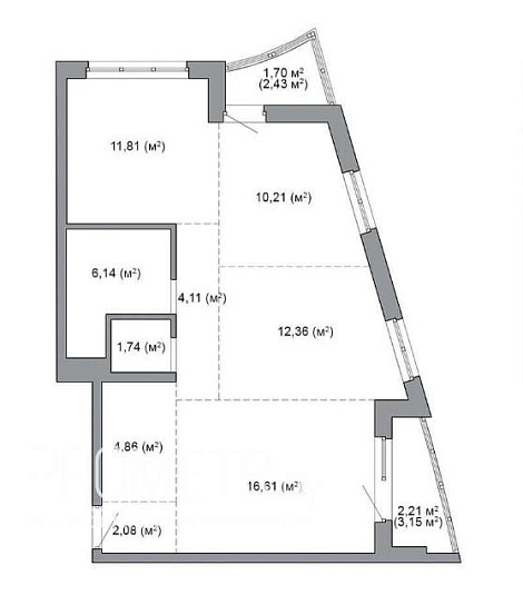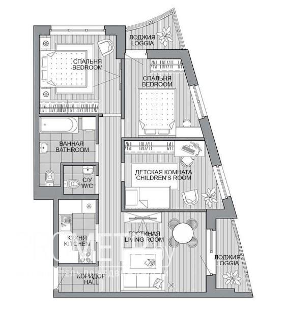 Квартира на момент ввода является однокомнатной с возможностью разделения на комнаты по индивидуальному проекту будущего собственника.
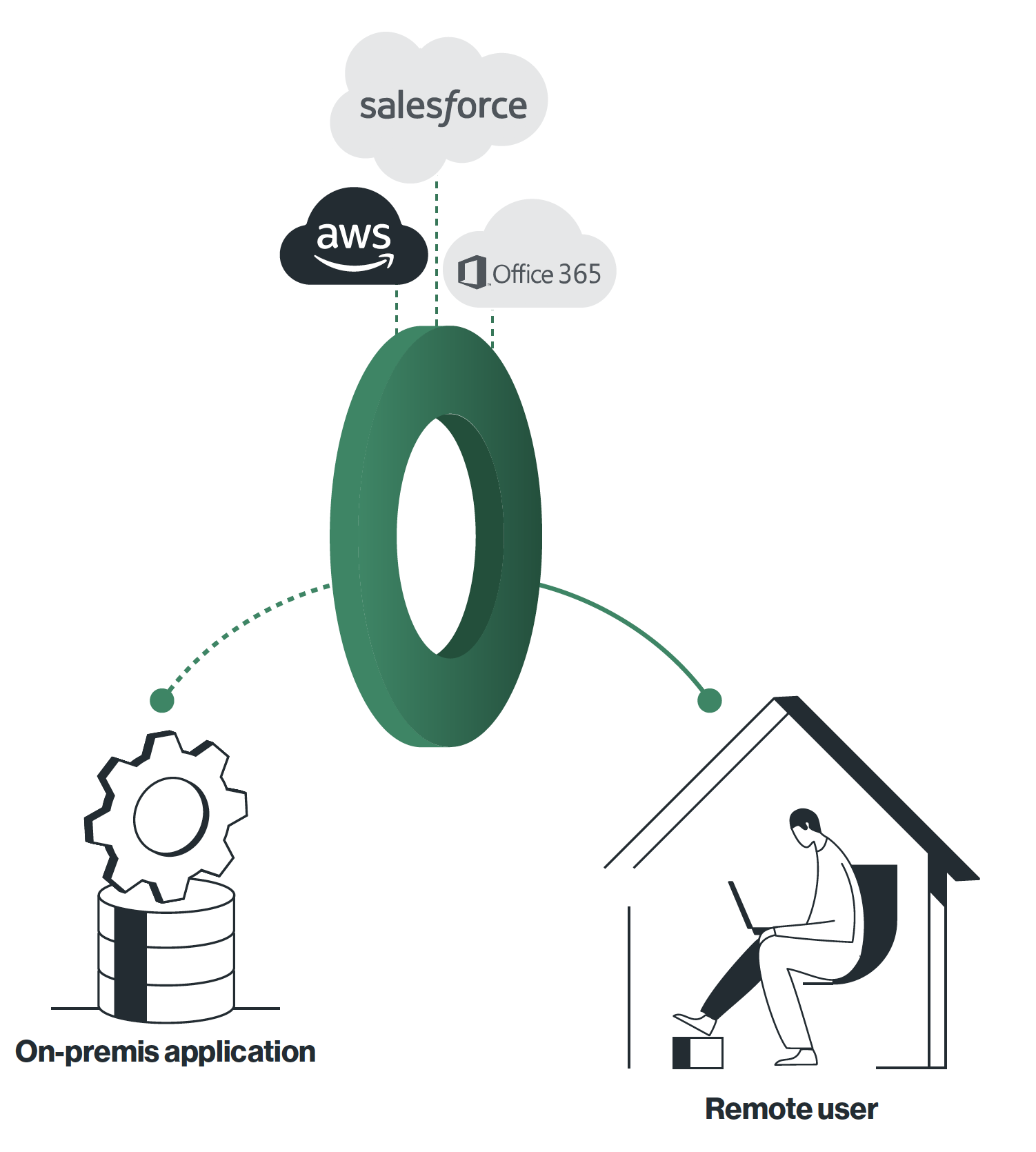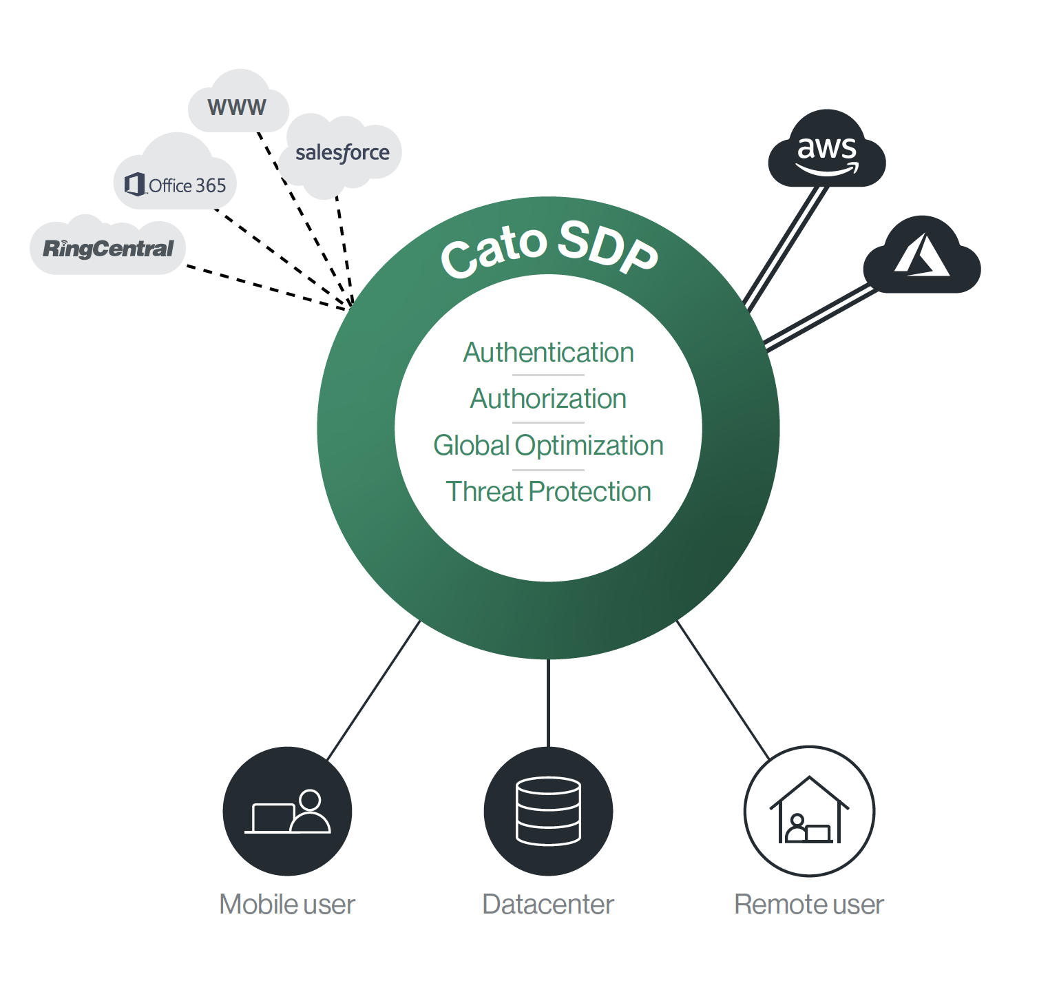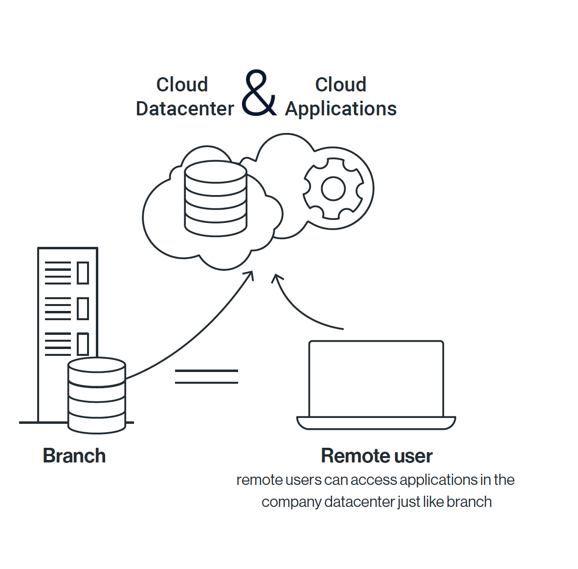 連線至雲端應用程式(SaaS)帶來了更多細微差別。雲端應用不受IT控制,因此遠端連線的使用者的安全問題及網路存取效能問題將是一個巨大的挑戰,因此企業將面臨艱難的選擇:將移動使用者使用者網路流量集中至企業總部,採取集中管理方式的網路管理方式,此種方式的好處是,企業管理者只需要在總公司部署相關的網路優化設備及資安設備,但此種方式所遭遇到的問題是,分點及使用者存取的地點距離問題、網際網路品質及延遲問題都將造成使用者體驗低落,而且對於移動用戶的安全問題完全沒有解決方案,使用者的最終防線只剩下防毒軟體。
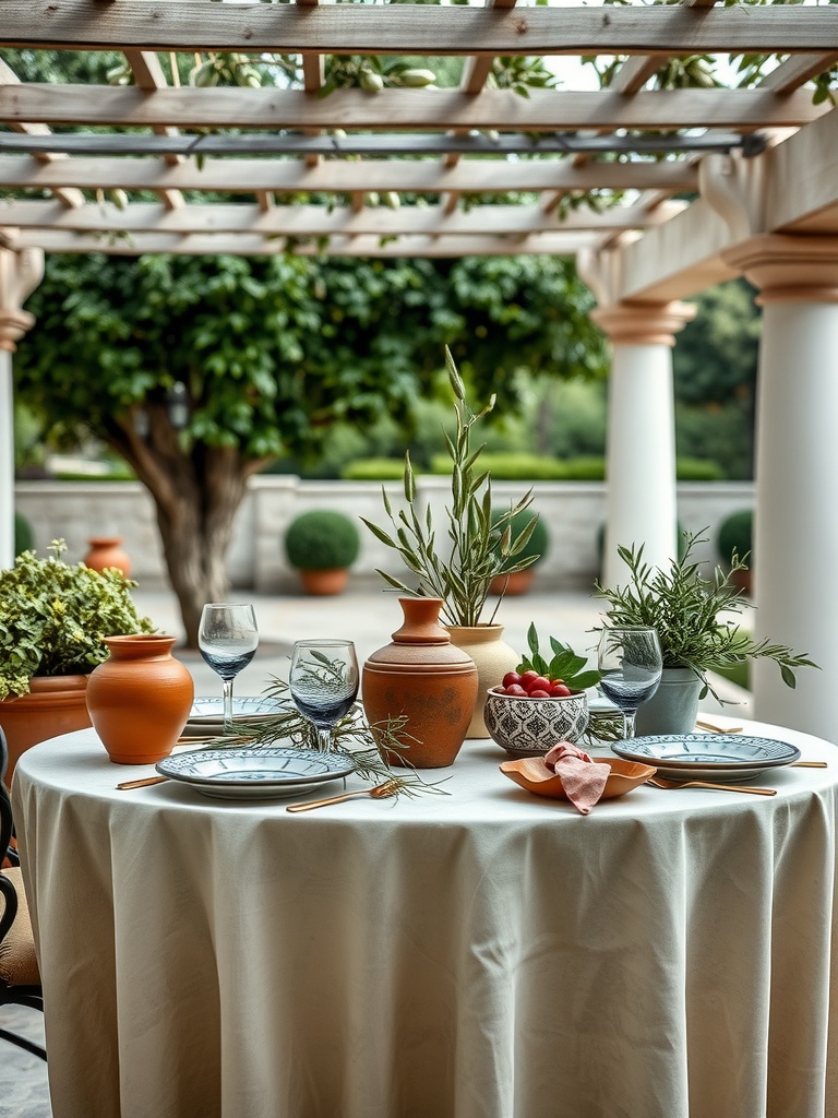 Imagine dining al fresco under a beautiful pergola, surrounded by lush greenery. The table is dressed with earthy pottery and fresh herbs, creating a warm and inviting vibe. Each detail invites you to relax and enjoy a long meal with friends and family, making your summer gatherings feel special.
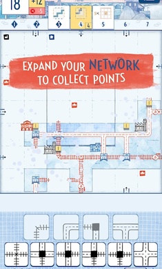 每一轮你都必须掷骰子并使用可用的路线来建立你的交通网络并连接尽可能多的出口。扩展您的网络以收集积分。您还将为最长的高速公路和铁路、在地图的中央空间中建造以及在它们到期之前完成可选的、与时间相关的目标获得奖励积分。
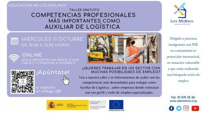 - Requisitos: Teléfono/ordenador con conexión a internet. Conocimientos de español nivel medio. Estar inscrita/o en el Servicio de Empleo de Asociación AD Los Molinos.
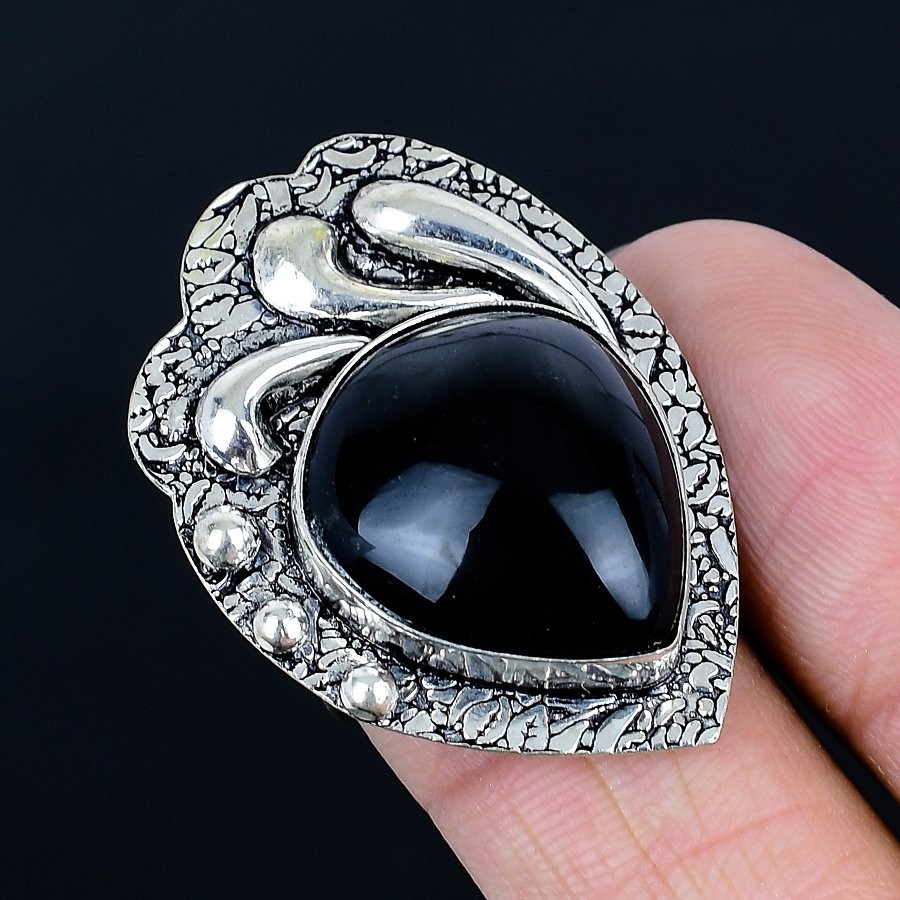 как выглядит Classic Black Onyx Gemstone Handmade 925 Sterling Silver Ring Size 8 фото
_ _ _ _ _
Task item :: Would it be possible to copy the material exactly, excluding the images?

Task answer ::
 Квартира на момент ввода является однокомнатной с возможностью разделения на комнаты по индивидуальному проекту будущего собственника.
 連線至雲端應用程式(SaaS)帶來了更多細微差別。雲端應用不受IT控制,因此遠端連線的使用者的安全問題及網路存取效能問題將是一個巨大的挑戰,因此企業將面臨艱難的選擇:將移動使用者使用者網路流量集中至企業總部,採取集中管理方式的網路管理方式,此種方式的好處是,企業管理者只需要在總公司部署相關的網路優化設備及資安設備,但此種方式所遭遇到的問題是,分點及使用者存取的地點距離問題、網際網路品質及延遲問題都將造成使用者體驗低落,而且對於移動用戶的安全問題完全沒有解決方案,使用者的最終防線只剩下防毒軟體。
 Imagine dining al fresco under a beautiful pergola, surrounded by lush greenery. The table is dressed with earthy pottery and fresh herbs, creating a warm and inviting vibe. Each detail invites you to relax and enjoy a long meal with friends and family, making your summer gatherings feel special.
 每一轮你都必须掷骰子并使用可用的路线来建立你的交通网络并连接尽可能多的出口。扩展您的网络以收集积分。您还将为最长的高速公路和铁路、在地图的中央空间中建造以及在它们到期之前完成可选的、与时间相关的目标获得奖励积分。
 - Requisitos: Teléfono/ordenador con conexión a internet. Conocimientos de español nivel medio. Estar inscrita/o en el Servicio de Empleo de Asociación AD Los Molinos.
 как выглядит Classic Black Onyx Gemstone Handmade 925 Sterling Silver Ring Size 8 фото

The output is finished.